The minimum information requested in the annotation of biochemical models (MIRIAM; Le Novère et al., 2005) defines guidelines for annotation of biochemical models. The annotation of models with the MIRIAM standard provides a number of significant advantages in the development of computational tools and applications that can reason over them (Kell and Mendes, 2008).

An example is the task of comparing or merging two biochemical models. Before the introduction of MIRIAM, individual components of SBML models (Hucka et al., 2003) were identified solely by free-text, human-readable, name attributes, often resulting in equivalent components being named differently in different models. As naming conventions are non-standard, it is impossible to definitively match these components computationally, and the process of model merging then requires human input to resolve ambiguities. Providing MIRIAM-compliant annotations allows a component to be unambiguously identified by associating it with one or more terms from publicly available databases such as ChEBI (Degtyarenko et al., 2008) or KEGG (Kanehisa et al., 2000) (Fig. 1).

Fig. 1.
Simplified example of MIRIAM-compliant SBML species elements, annotated with ChEBI and KEGG terms, respectively.

2 FEATURES

The species elements in Figure 1 are both annotated with MIRIAM-compliant terms. libSBML (Bornstein et al., 2008) provides the facility for reading a given SBML element's annotation and hence could be used to determine that species1 and species2 are annotated with ChEBI term CHEBI:4167 and KEGG Compound C00031, respectively. From this, it may be concluded that the compounds represented by these species are different. However, manual inspection of the database references in ChEBI and KEGG show that both species are annotated with references that share the same chemical structure, and hence are equivalent.

Performing such a comparison computationally is beyond the scope of libSBML. To do so, the annotations must be ‘dereferenced’ by querying the two databases via their web service interfaces. This task is complicated particularly because each of the web services has non-standard interfaces.

The libAnnotationSBML library creates a unified framework for supporting MIRIAM-compliant annotations by wrapping these divergent web services into a Java API, allowing each web service to be queried in a consistent manner.

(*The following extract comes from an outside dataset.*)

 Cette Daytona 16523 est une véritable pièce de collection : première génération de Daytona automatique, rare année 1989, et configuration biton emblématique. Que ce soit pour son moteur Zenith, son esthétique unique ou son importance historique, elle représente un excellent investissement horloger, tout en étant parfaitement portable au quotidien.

The library itself can act as a layer on top of the libSBML API.

The library is built dynamically by querying the MIRIAM web service (Laibe and Le Novère, 2007), which provides a collection of data types that are recommended for use in model annotation. The web service provides details of each of these data types including names, URNs and physical URLs to resources. From this, a collection of Ontology objects are instantiated, one for each data type supported specified in MIRIAM.

Individual OntologyTerms objects are built up from an Ontology object and a unique identifier. Once instantiated, the OntologyTerm provides a number of methods, specified in Figure 2. The implementation of these methods is performed by mapping the calls to an appropriate call to the data type's web service, where such a web service exists.

Fig. 2.
Class diagram showing public methods of OntologyTerm and specialized subclasses ChebiTerm, UniProtTerm and KeggReactionTerm.

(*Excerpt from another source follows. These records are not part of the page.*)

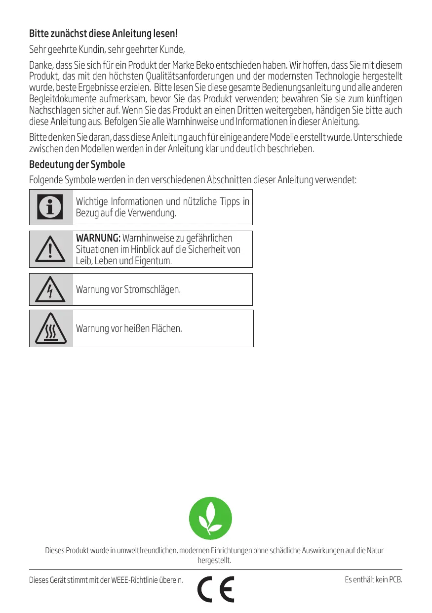 Bitte zunächst diese Anleitung lesen! Sehr geehrte Kundin, sehr geehrter Kunde, Danke, dass Sie sich für ein Produkt der Marke Beko entschieden haben. Wir hoffen, dass Sie mit diesem Produkt, das mit den höchsten Qualitätsanforderungen und der modernsten Technologie hergestellt wurde, beste Ergebnisse erzielen. Bitte lesen Sie diese gesamte Bedienungsanleitung und alle anderen Begleitdokumente aufmerksam, bevor Sie das Produkt verwenden; bewahren Sie sie zum künftigen Nachschlagen sicher auf. Wenn Sie das Produkt an einen Dritten weitergeben, händigen Sie bitte auch diese Anleitung aus. Befolgen Sie alle Warnhinweise und Informationen in dieser Anleitung. Bitte denken Sie daran, dass diese Anleitung auch für einige andere Modelle erstellt wurde. Unterschiede zwischen den Modellen werden in der Anleitung klar und deutlich beschrieben. Bedeutung der Symbole Folgende Symbole werden in den verschiedenen Abschnitten dieser Anleitung verwendet:
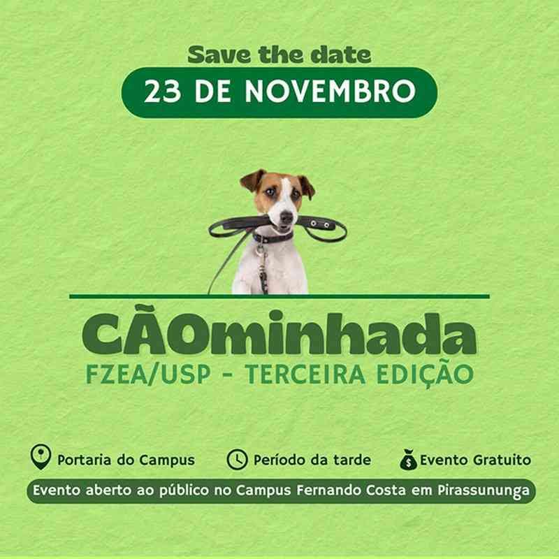 A Faculdade de Zootecnia e Engenharia de Alimentos (FZEA) da USP, em Pirassununga (SP), promove mais uma edição da Cãominhada, que ocorrerá no sábado, 23 de novembro, das 15h30 às 18h. O evento, gratuito e aberto ao público, terá como ponto de encontro a entrada do campus Fernando Costa, localizado na Rua Duque de Caxias Norte, 225, no Jardim Elite. Para maior comodidade, os participantes poderão utilizar o estacionamento disponível logo após a portaria.
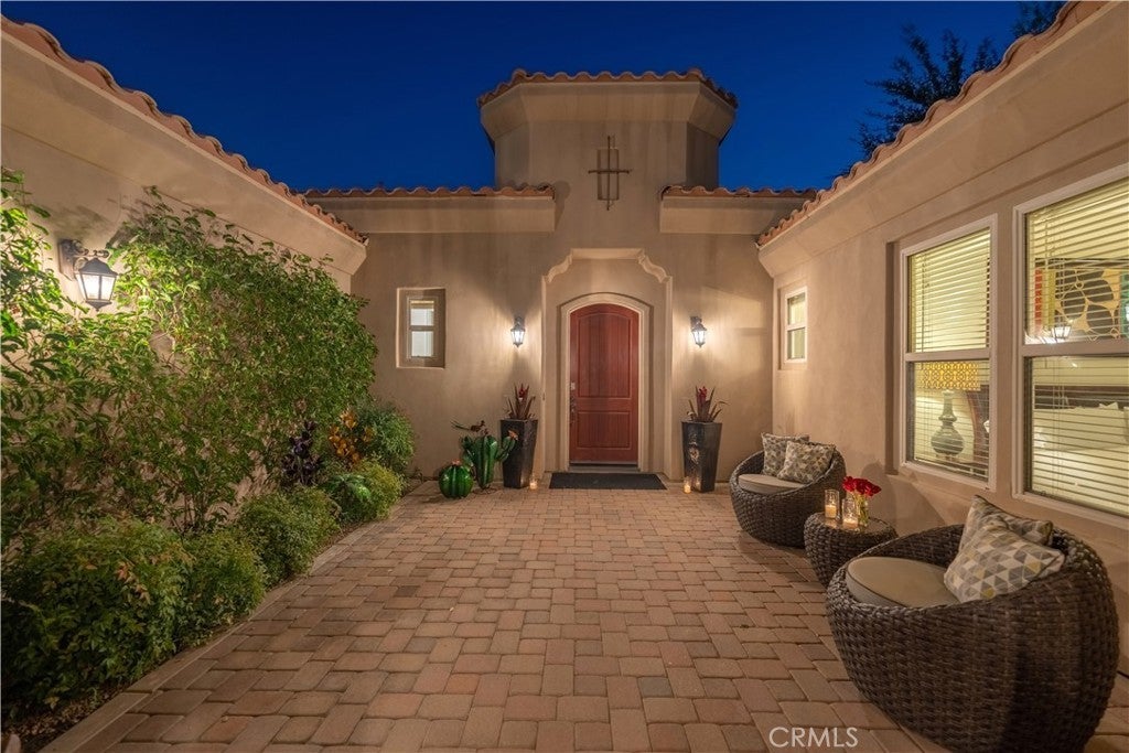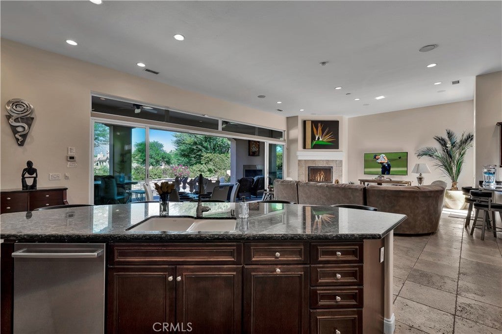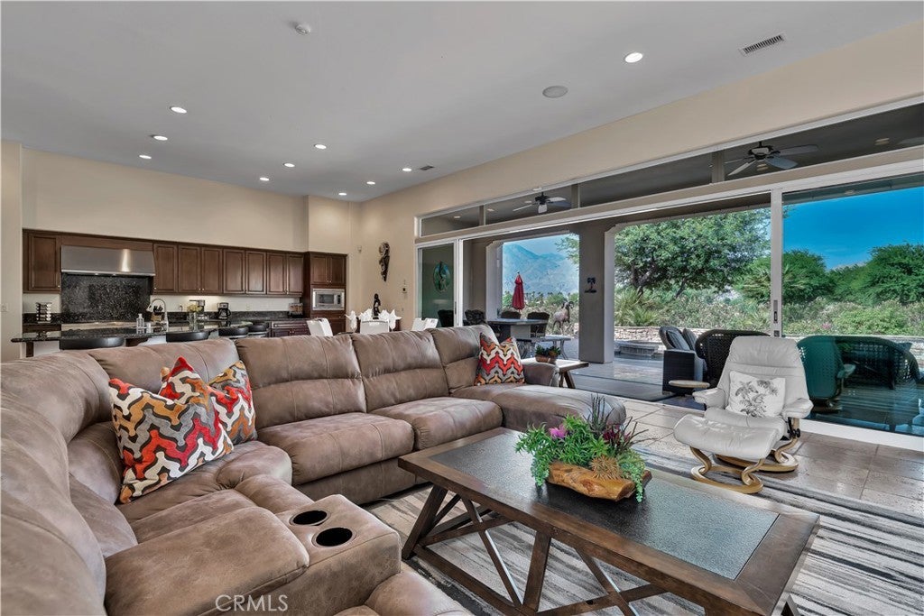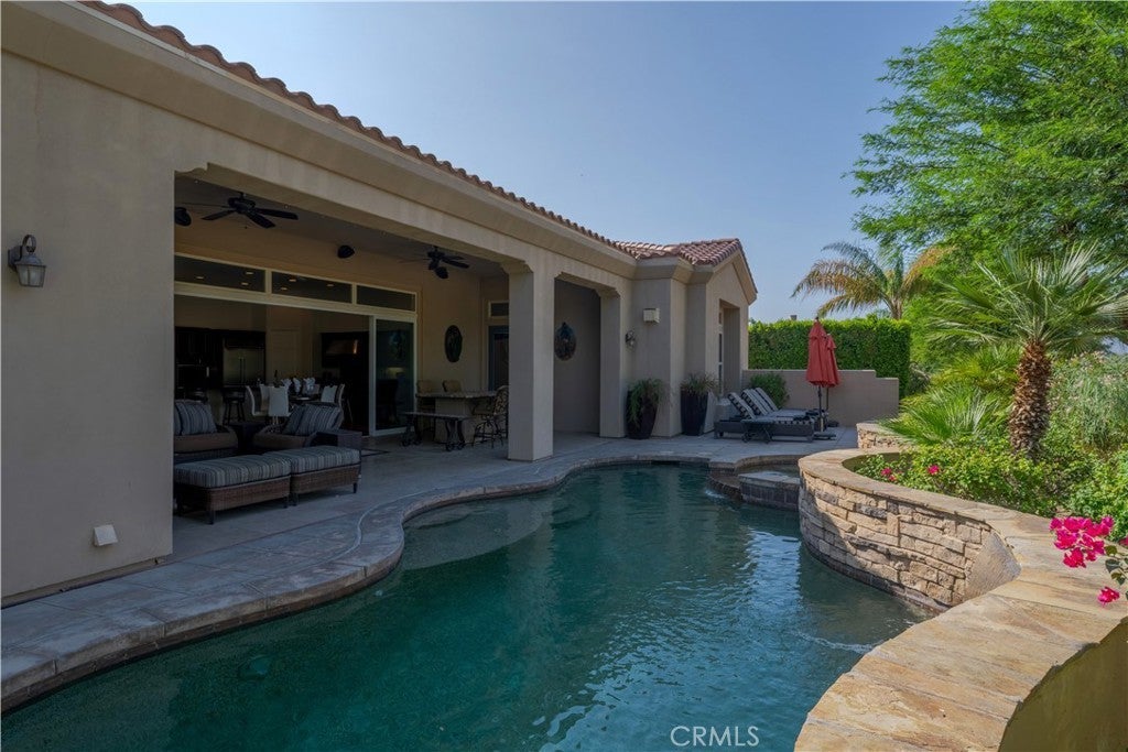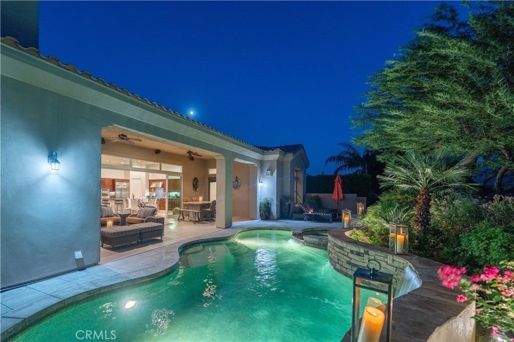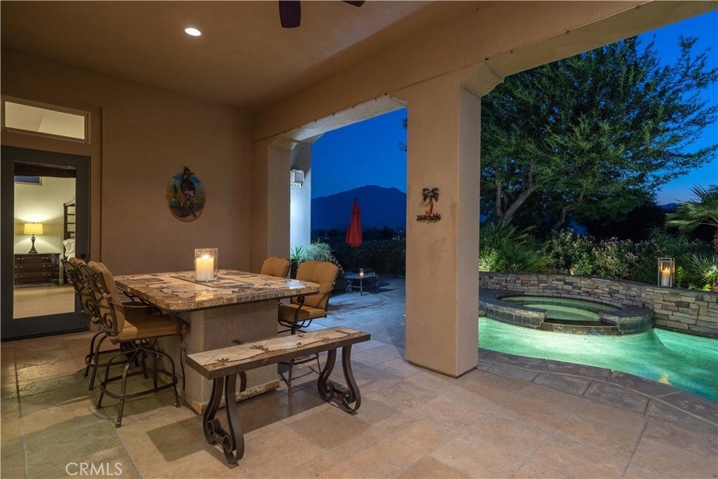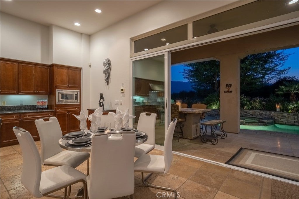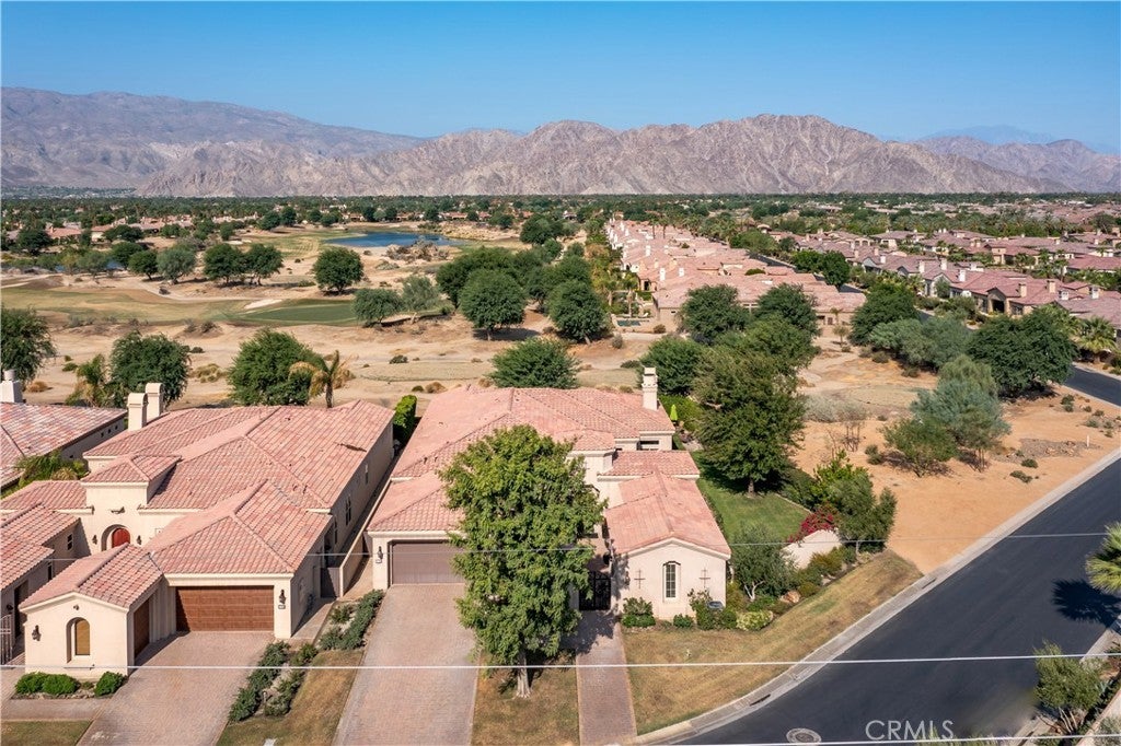 Welcome to your desert oasis, a luxurious 4,000 sq. ft. retreat with breathtaking western views of the Santa Rosa Mountains. This stunning home, located on the 6th tee box of the prestigious Greg Norman Resort Golf Course in PGA West, features four bedrooms and four-and-a-half bathrooms, offering panoramic vistas of the mountains and fairway. As you enter through a private gated courtyard on this corner lot, you'll enjoy complete seclusion from the outside world. The home showcases retractable glass walls along the entire back, seamlessly blending indoor and outdoor living spaces. You'll find a Life Source water filtration system providing pure water throughout the home, including the pool. The gourmet kitchen is a chef’s delight with granite countertops, stainless steel appliances, dual ovens, a microwave, dishwasher, and an 8-burner gas stove. The expansive island with seating for five is ideal for socializing while preparing meals, and there's additional seating for six at the kitchen table. For more formal dining, the separate dining room accommodates ten guests. The open floor plan allows for easy relaxation in the family room, which includes an oversized sectional sofa, a fireplace, and a 70" HDTV with Roku and Apple TV. The bar area, featuring seating for four and a Margaritaville Margarita Machine, is perfect for entertaining. Both the family room and kitchen open up to the pool area through retractable glass walls, bringing the beauty of the outdoors inside. Unwind by the tranquil saltwater pool and spa, which includes a waterfall and a built-in tanning shelf. Relax under the covered patio with misters and an outdoor living room, or enjoy the evening by the outdoor fireplace. The outdoor space offers six chaise lounges, multiple umbrellas, and a built-in natural gas BBQ. Each bedroom has its own en-suite bathroom, and two bathrobes are provided per bedroom. The master suite features a Cal King bed, a fireplace, a spacious seating area, and patio access with views of the fairway. The master bath includes a walk-in shower with dual showerheads, dual sinks, a vanity area, a large soaking tub, and an oversized walk-in closet. Bedrooms 2 and 3, located on opposite sides of the main house, each offer a Cal King bed, a walk-in shower, and two bathrobes per room. The detached casita, includes a large sitting area with a pull-out sofa and a TV, plus a fourth bedroom with a Cal King bed and its own en-suite bathroom.

The OntologyTerm class can be extended to provide methods specific to the SBML element that is being described. For example, a metabolite species element annotated with a ChEBI term will return a ChebiTerm object, providing a method for accessing the chemical formula of the metabolite. Similarly, a KEGG Reaction annotation will return a KeggReactionTerm object, providing methods for accessing reactants and products, each returned as OntologyTerms themselves.

Applying libAnnotationSBML to the SBML in Figure 1 will associate an OntologyTerm with each of the species. Calling getName() on these ChEBI and KEGG OntologyTerm objects returns ‘d-glucopyranose’ and ‘d-glucose’, respectively. Considering the initial problem of comparing SBML components, this provides an example of why names cannot be used reliably to perform this task. A more reliable approach is to exploit the fact that many data resources cross-reference one another. For example, entries in the ChEBI database can provide details of the equivalent term in KEGG, and vice versa. The OntologyTerm class supports this by implementing a getXrefs() method which returns cross references themselves as OntologyTerms, along with a predicate, defined in libSBML, that indicates the relationship between them. When an OntologyTerm references an equivalent entity in a different database, the predicate libsbmlConstants.BQB_IS is returned. In the case of a genomic database entry cross referencing an entry in a proteomic database, libsbmlConstants.BQB_ENCODES is used. Utilizing this method, it can be determined computationally that the ChEBI and KEGG terms cross-reference one another, and hence species1 and species2 can be unambiguously determined to represent equivalent entities.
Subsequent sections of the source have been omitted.